- Supreme Court of the United States

Decided June 23, 1987
- Full case name: American Trucking Ass'ns v. Scheiner
- Citations: 483 U.S. 266 (more)

Holding
- A state tax on using motor vehicles on the highway is unconstitutional when the amount of the tax is not calculated to be proportional to highway use and when the tax treats in-state and out-of-state road users differently.

Court membership
- Chief Justice William Rehnquist Associate Justices William J. Brennan Jr. · Byron White Thurgood Marshall · Harry Blackmun Lewis F. Powell Jr. · John P. Stevens Sandra Day O'Connor · Antonin Scalia

Case opinions
- Majority: Stevens
- Dissent: O'Connor, joined by Rehnquist, Powell
- Dissent: Scalia, joined by Rehnquist

Laws applied
- Commerce Clause, Dormant Commerce Clause

= American Trucking Ass'ns v.

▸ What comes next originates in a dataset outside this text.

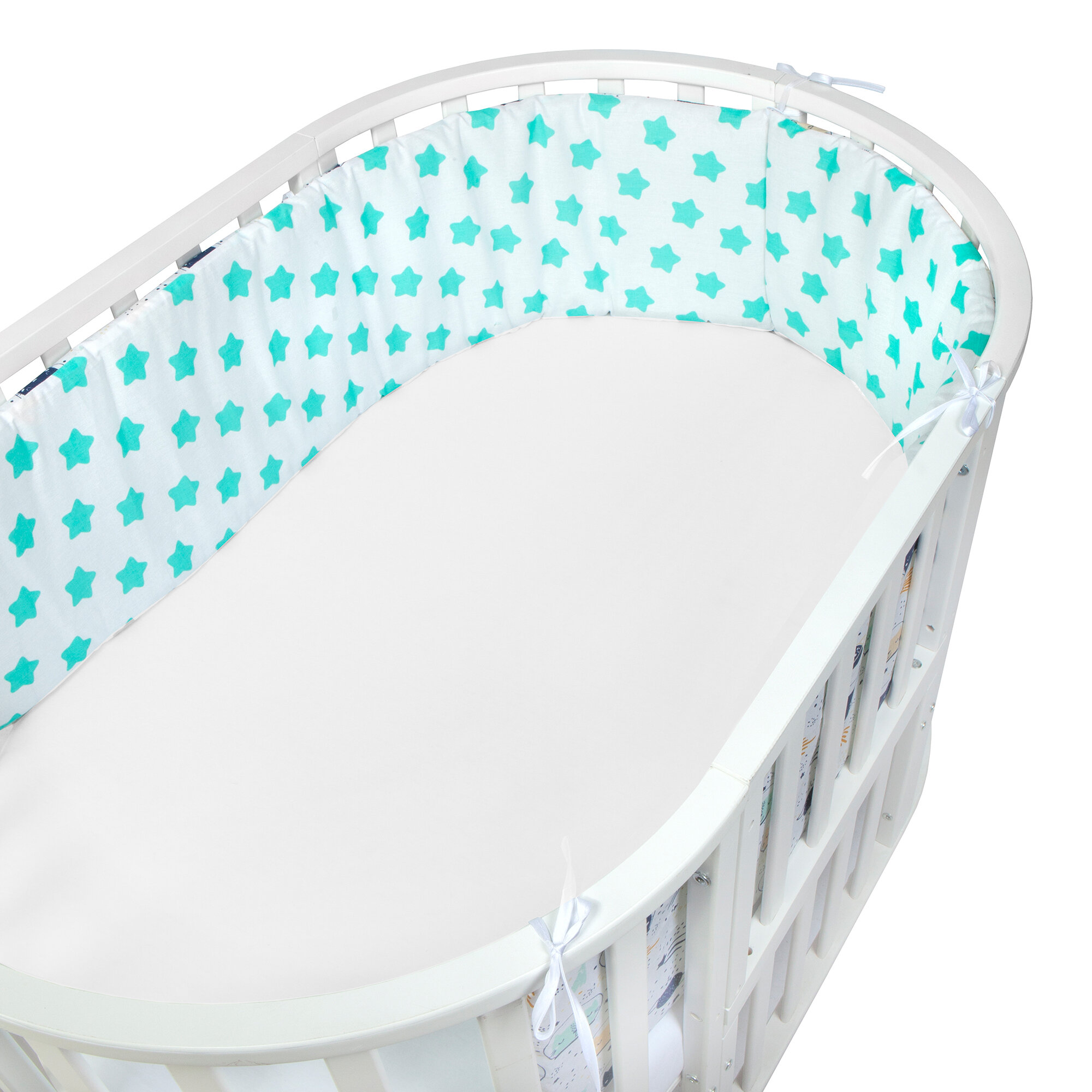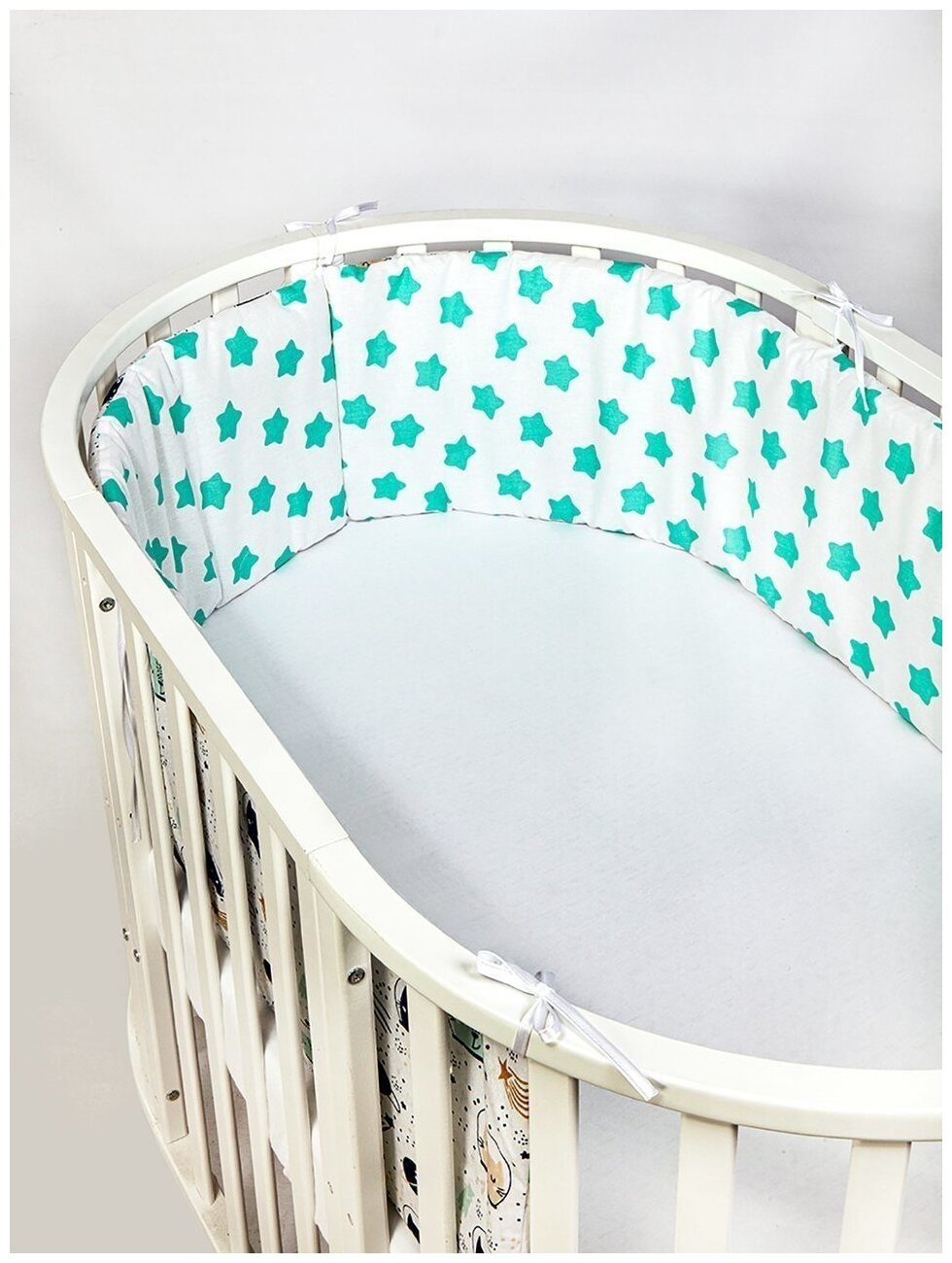 Бортик представлен в виде 4 двухсторонних подушек на завязочках, что позволяет использовать по всему периметру кроватки: 360 см. Каждая подушка идет в комплекте со съемной наволочкой на молнии.

Scheiner =

American Trucking Associations, Inc. v. Scheiner, 483 U.S. 266 (1987), was a United States Supreme Court case in which the Court held that a state tax on using motor vehicles on the highway is unconstitutional when the amount of the tax is not calculated to be proportional to highway use and when the tax treats in-state and out-of-state road users differently.

== Aftermath ==
The Supreme Court remanded the case to the Arkansas Supreme Court. While the case remained pending, the state of Arkansas began holding the collected taxes in escrow on the order of Circuit Justice Harry Blackmun. The Arkansas Supreme Court then reconsidered the tax in light of Scheiner and ruled it unconstitutional. However, the court declined to order refunds for taxes paid before the August escrow order, saying Scheiner could not be applied retroactively. The court nevertheless determined that the tax money paid into escrow after the August order should be refunded. In American Trucking Associations, Inc. v. Smith, the Supreme Court allowed that decision to stand.